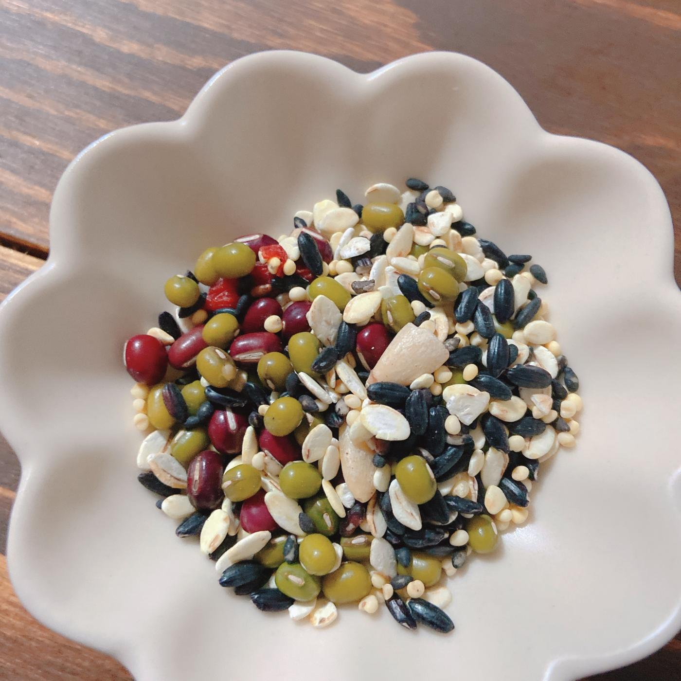 緑豆、小豆、クコの実、松の実、黒米、押し麦、もちきび、黒ごまと豊富?
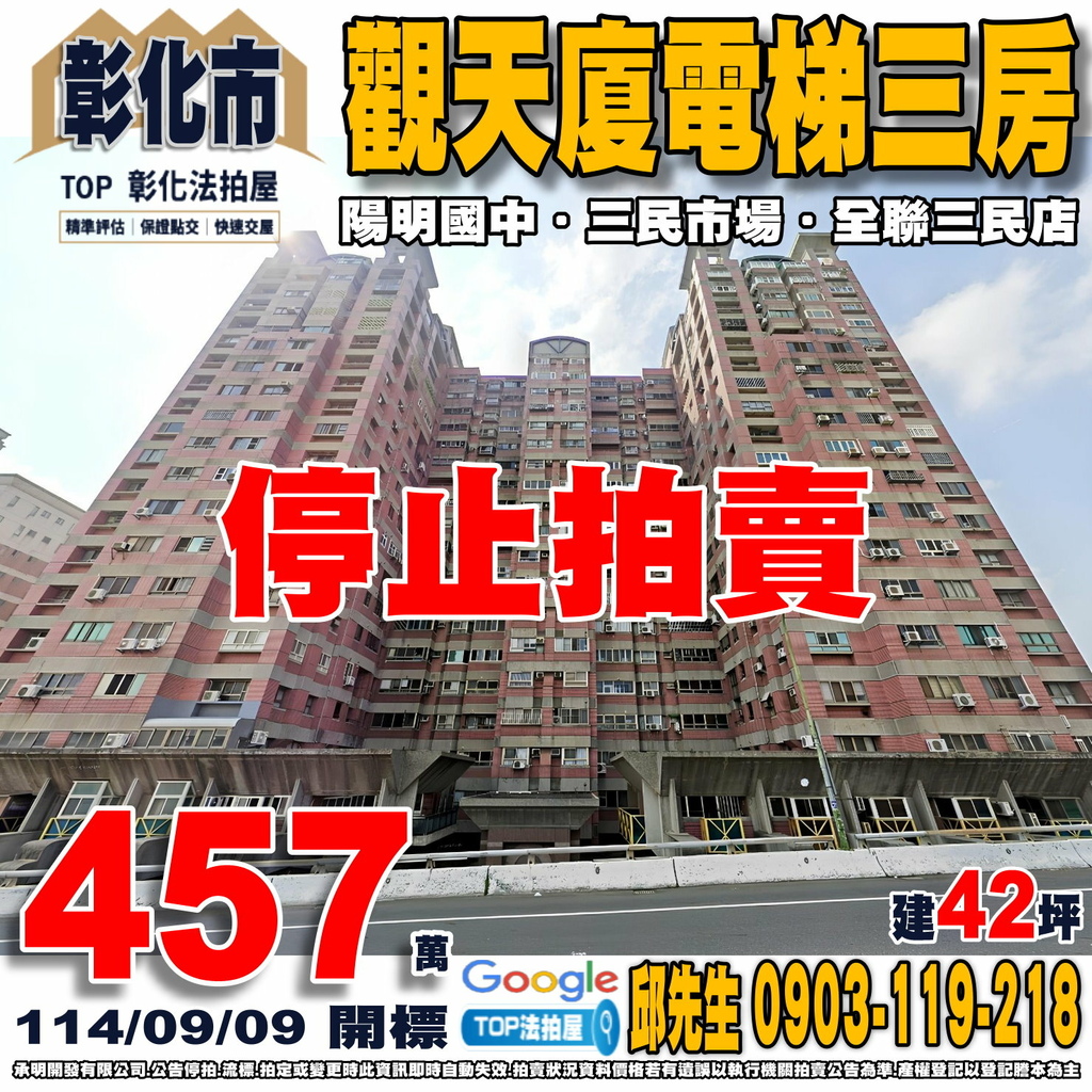 彰化法拍屋》觀天廈電梯三房|陽明觀天廈|陽明國中
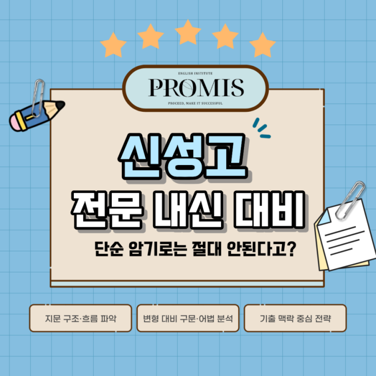 안녕하세요,PROMIS 영어학원 입니다! 신성고 영어 내신을 준비하는 학생·학부모님이라면 이미 한 번쯤은 느끼셨을 건데요 “분명히 외웠는데, 시험장에서 처음 보는 문제 같아요…” 그 이유는 시험 출제 방식 자체가 다르기 때문입니다! ◎ 신성고 영어 내신 시험 경향 분석 ① 순수 어휘 문제 – “대표 단어만 보면 망합니다” 단어 뜻만 묻는 문제가 아닙니다 부스터 보카의 예문 전체를 활용합니다 문장 속 쓰임, 뉘앙스, 문맥 판단까지 요구합니다 ⇒ 단순 단어장 암기로는 절대 대응 불가 ② 시험 범위가 많습니다 교과서 1과 + 부교재 4회 분 범위 자체가 넓어 “대충 외우고 찍기 전략”이 통하지 않습니다 ③ 지문 변형이 매우 많습니....... <img src="https://blogthumb.pstatic.net/MjAyNjAyMTNfMjky/MDAxNzcwOTc2MzYyNjkx.uYi0D5B7tYz5cRdsOK9KY9f9mCOsIjQr_TzI04K0Zm0g.SdeeraDpcCA6yqYqMH9PhquMooVxYILnPFzuLxSJFdsg.PNG/image.png?type=s3" />
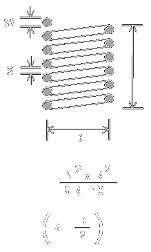 | The inductance (and self capacitance) of a helical coil can be determined by entering its dimensions in the boxes above. The length of wire used is also calculated.
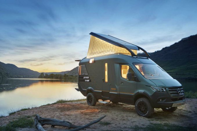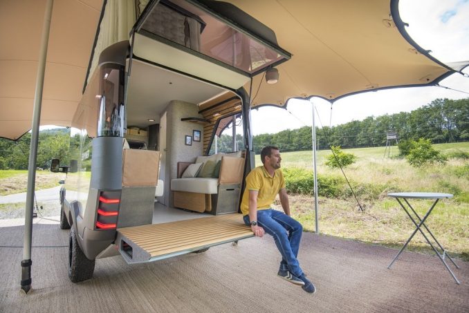 Avec son Vision Venture, Hymer signe sans doute l'un des prototypes les plus surprenants et le plus aboutis jusqu'à présent. Ce véhicule est le fruit d'une collaboration entre le constructeur allemand et le plus grand groupe de chimie BASF. La carrosserie, par exemple, bénéficie d’une peinture dite Chromacool, hautement technique, qui a pour but de refléter la lumière et d'améliorer l’isolation de la cellule. Sur un autre registre, des éléments extérieurs et intérieurs ont été réalisés par une imprimante 3D comme les passages de roues.
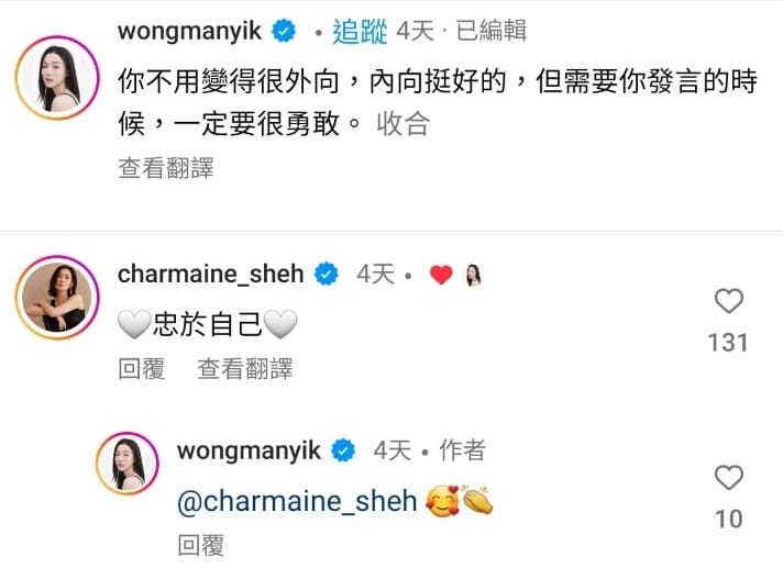 早前,她上載了多張美照,簡單的妝容,把她精緻的五官和白滑的肌膚顯得更美,加上健康和性感美兼備的打扮,成功吸「LIKE」無數。她於貼文寫道:「你不用變得很外向,內向挺好的,但需要你發言的時候,一定要很勇敢。」除了得到網民留言力讚外,亦獲Man姐(佘詩曼) 留言,《新聞女王》團隊再次互動,令粉絲們相當興奮。
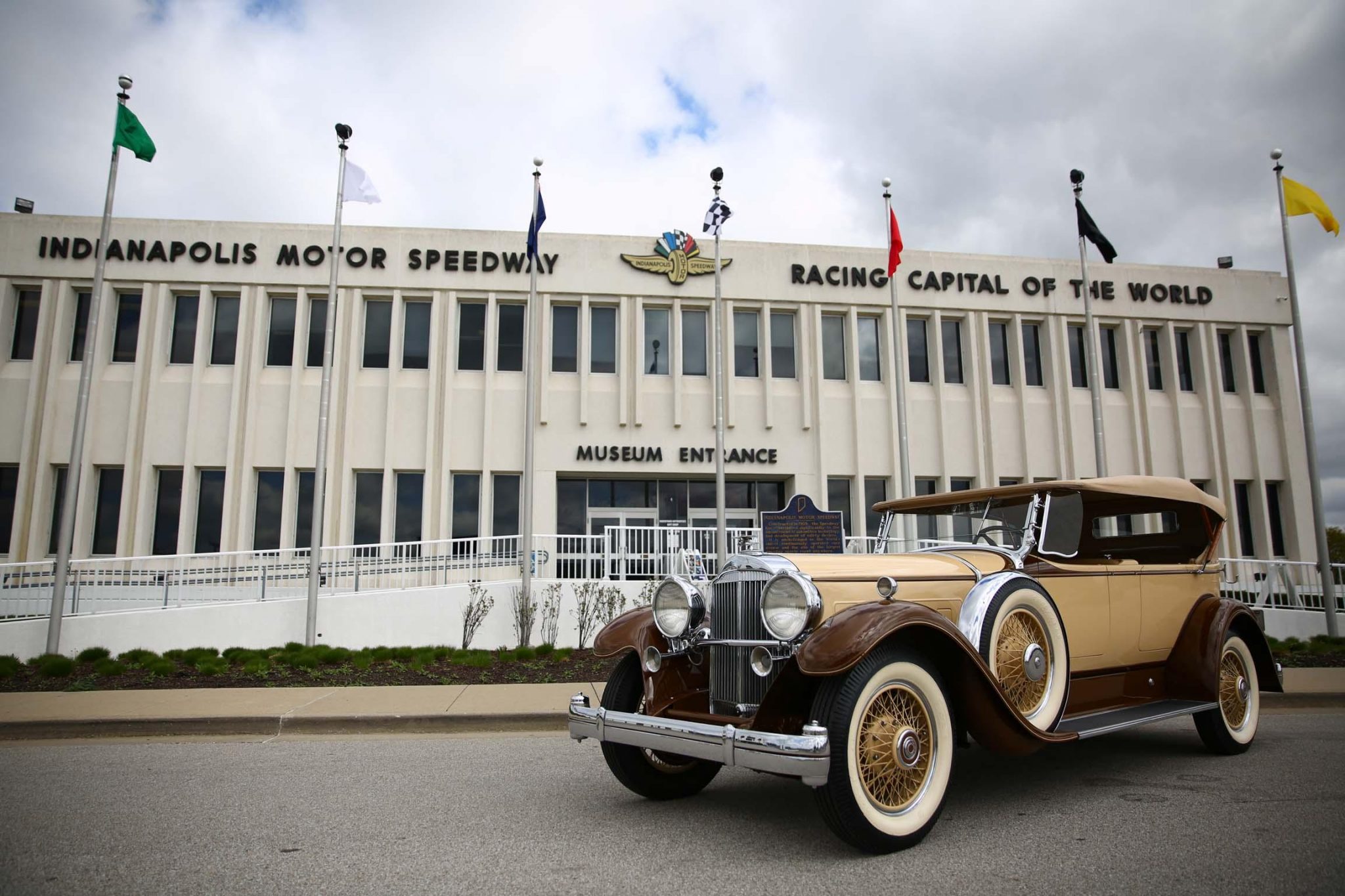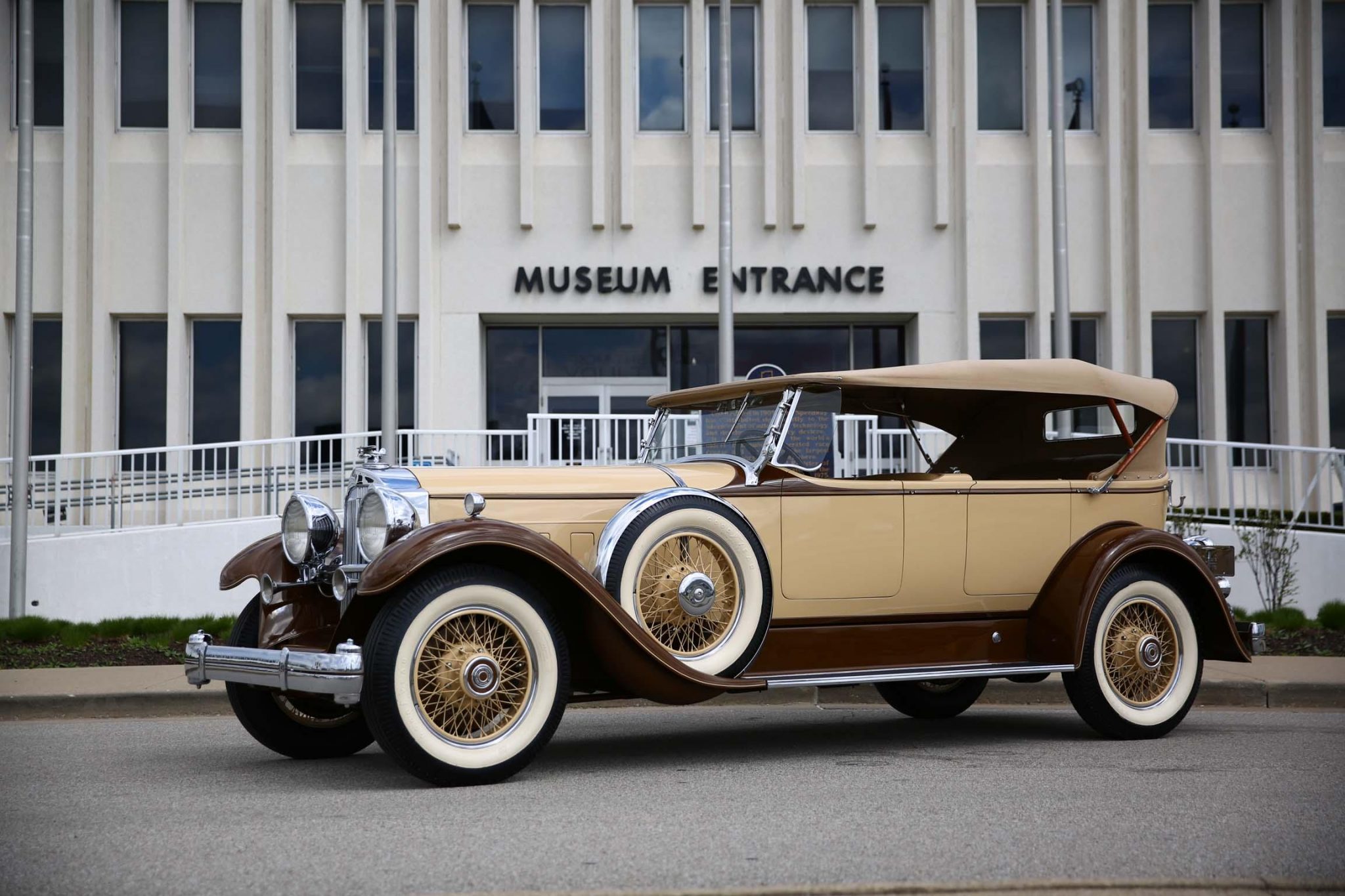 The soft top is equipped with wood bows and a beveled glass rear window and can be seen raised and lowered in the gallery. Additional equipment includes polished bumpers, dual taillights, a fold-down luggage rack, a folding windscreen for rear-seat passengers, front wind wings, fender-mounted lights, a polished radiator surround, and dual horns. A hood ornament based on the Lockheed Air Express that Turner raced in the 1930s was installed during that decade and features a spinning propeller. A pair of period AGA 10″ diameter running-board-mounted spotlights are included in the sale and can be seen in the gallery.
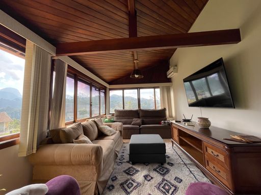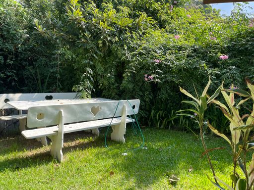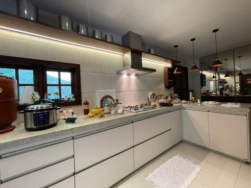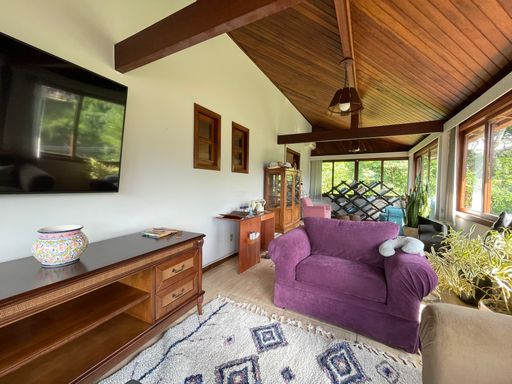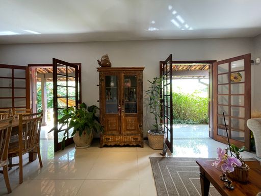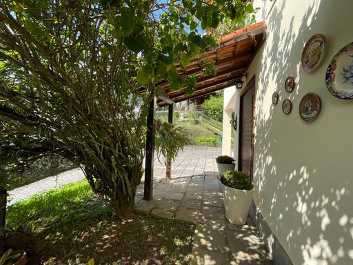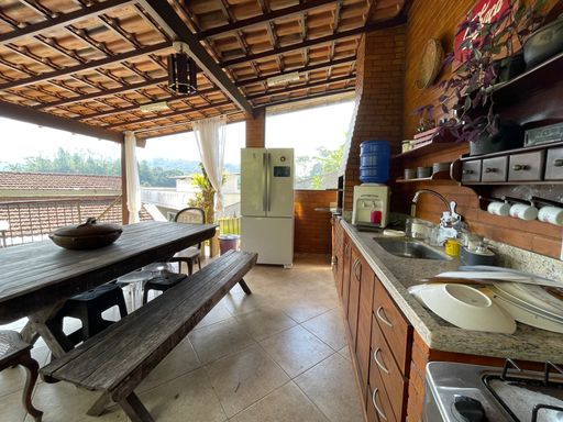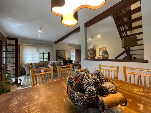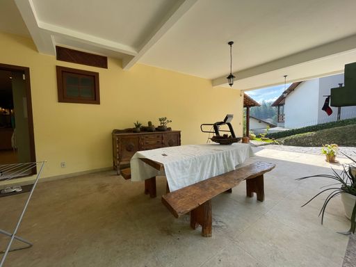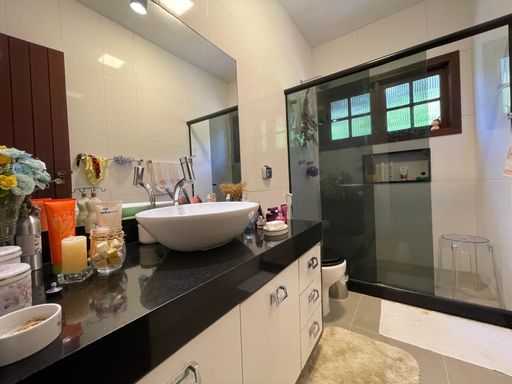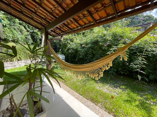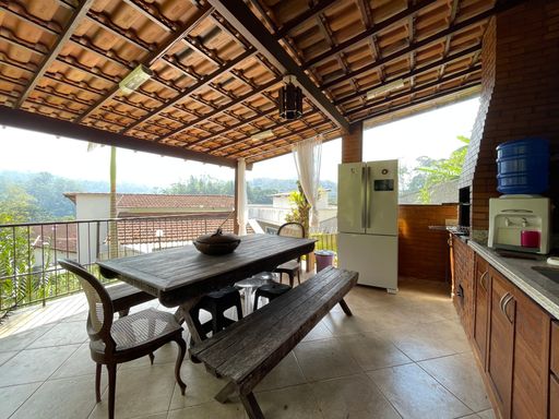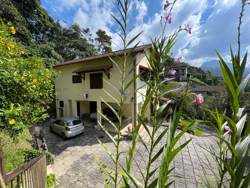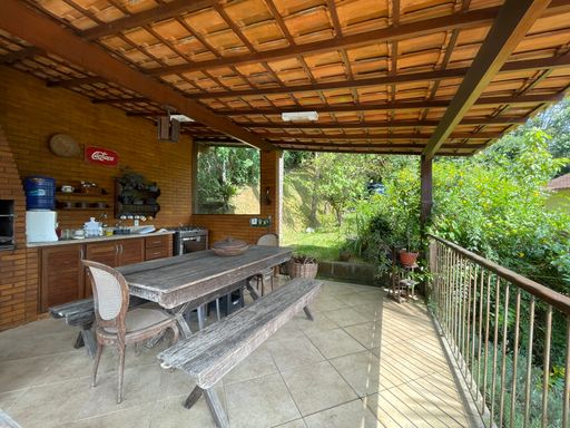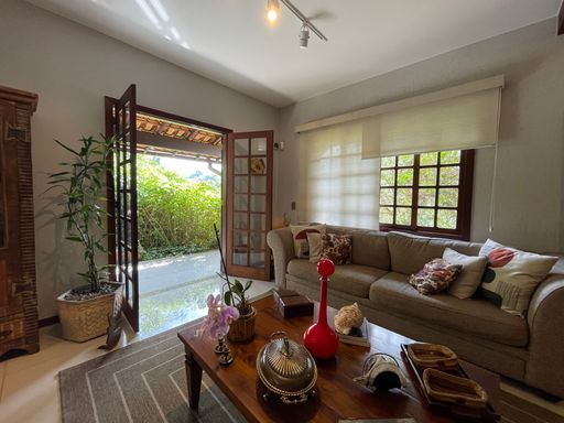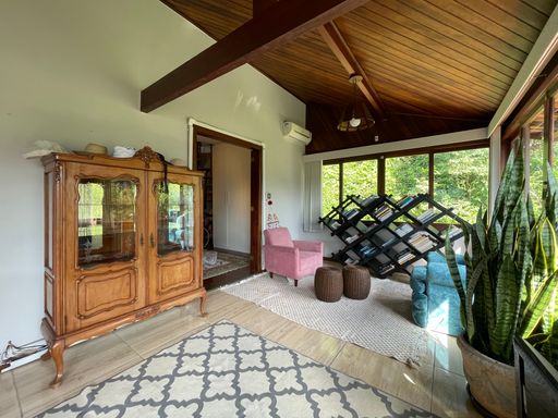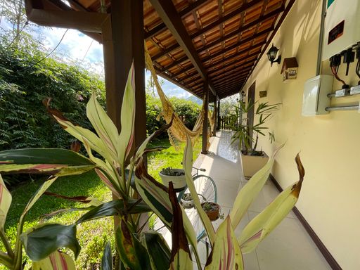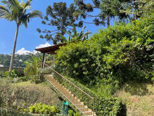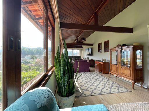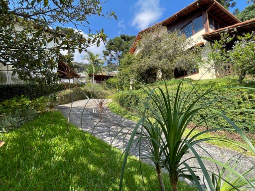 Na área externa, oferece quarto de guardados, espaço gourmet, garagem coberta para 2 carros, além de amplo espaço de estacionamento e portão eletrônico. O destaque fica por conta do lindo jardim gramado e da vista privilegiada, criando um ambiente acolhedor e perfeito para viver bons momentos.
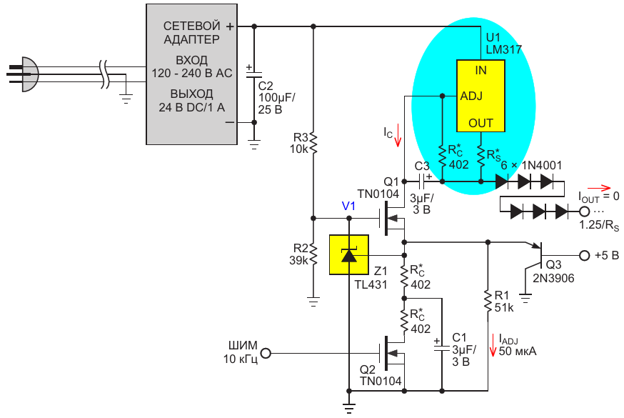 Источник постоянного тока на основе регулятора LM317, программируемого ШИМ
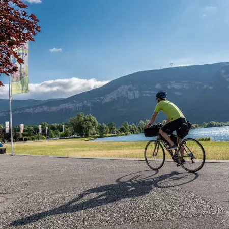 A beautiful stretch of the ViaRhôna® designed for experienced cyclists! From Seyssel to Lyon, the wild Rhône River majestically winds its way through the landscapes of Savoie. Starting from Seyssel, you'll enter the breathtaking Alps with its mountains, lakes, gorges, valleys, villages, and waterfalls. The trip ends with a gentle ride into the urban setting of Lyon. Between mountains and valleys, you'll cycle along the Rhône from the Bugey Mountains to the capital of gastronomy.
_____
## Problem description
The copy you give must run from the line containing "早前,她上載了多張美照,簡單" through the last line of the records, exactly, with the pictures left out.

## Answer space
 早前,她上載了多張美照,簡單的妝容,把她精緻的五官和白滑的肌膚顯得更美,加上健康和性感美兼備的打扮,成功吸「LIKE」無數。她於貼文寫道:「你不用變得很外向,內向挺好的,但需要你發言的時候,一定要很勇敢。」除了得到網民留言力讚外,亦獲Man姐(佘詩曼) 留言,《新聞女王》團隊再次互動,令粉絲們相當興奮。
 The soft top is equipped with wood bows and a beveled glass rear window and can be seen raised and lowered in the gallery. Additional equipment includes polished bumpers, dual taillights, a fold-down luggage rack, a folding windscreen for rear-seat passengers, front wind wings, fender-mounted lights, a polished radiator surround, and dual horns. A hood ornament based on the Lockheed Air Express that Turner raced in the 1930s was installed during that decade and features a spinning propeller. A pair of period AGA 10″ diameter running-board-mounted spotlights are included in the sale and can be seen in the gallery.
 Na área externa, oferece quarto de guardados, espaço gourmet, garagem coberta para 2 carros, além de amplo espaço de estacionamento e portão eletrônico. O destaque fica por conta do lindo jardim gramado e da vista privilegiada, criando um ambiente acolhedor e perfeito para viver bons momentos.
 Источник постоянного тока на основе регулятора LM317, программируемого ШИМ
 A beautiful stretch of the ViaRhôna® designed for experienced cyclists! From Seyssel to Lyon, the wild Rhône River majestically winds its way through the landscapes of Savoie. Starting from Seyssel, you'll enter the breathtaking Alps with its mountains, lakes, gorges, valleys, villages, and waterfalls. The trip ends with a gentle ride into the urban setting of Lyon. Between mountains and valleys, you'll cycle along the Rhône from the Bugey Mountains to the capital of gastronomy.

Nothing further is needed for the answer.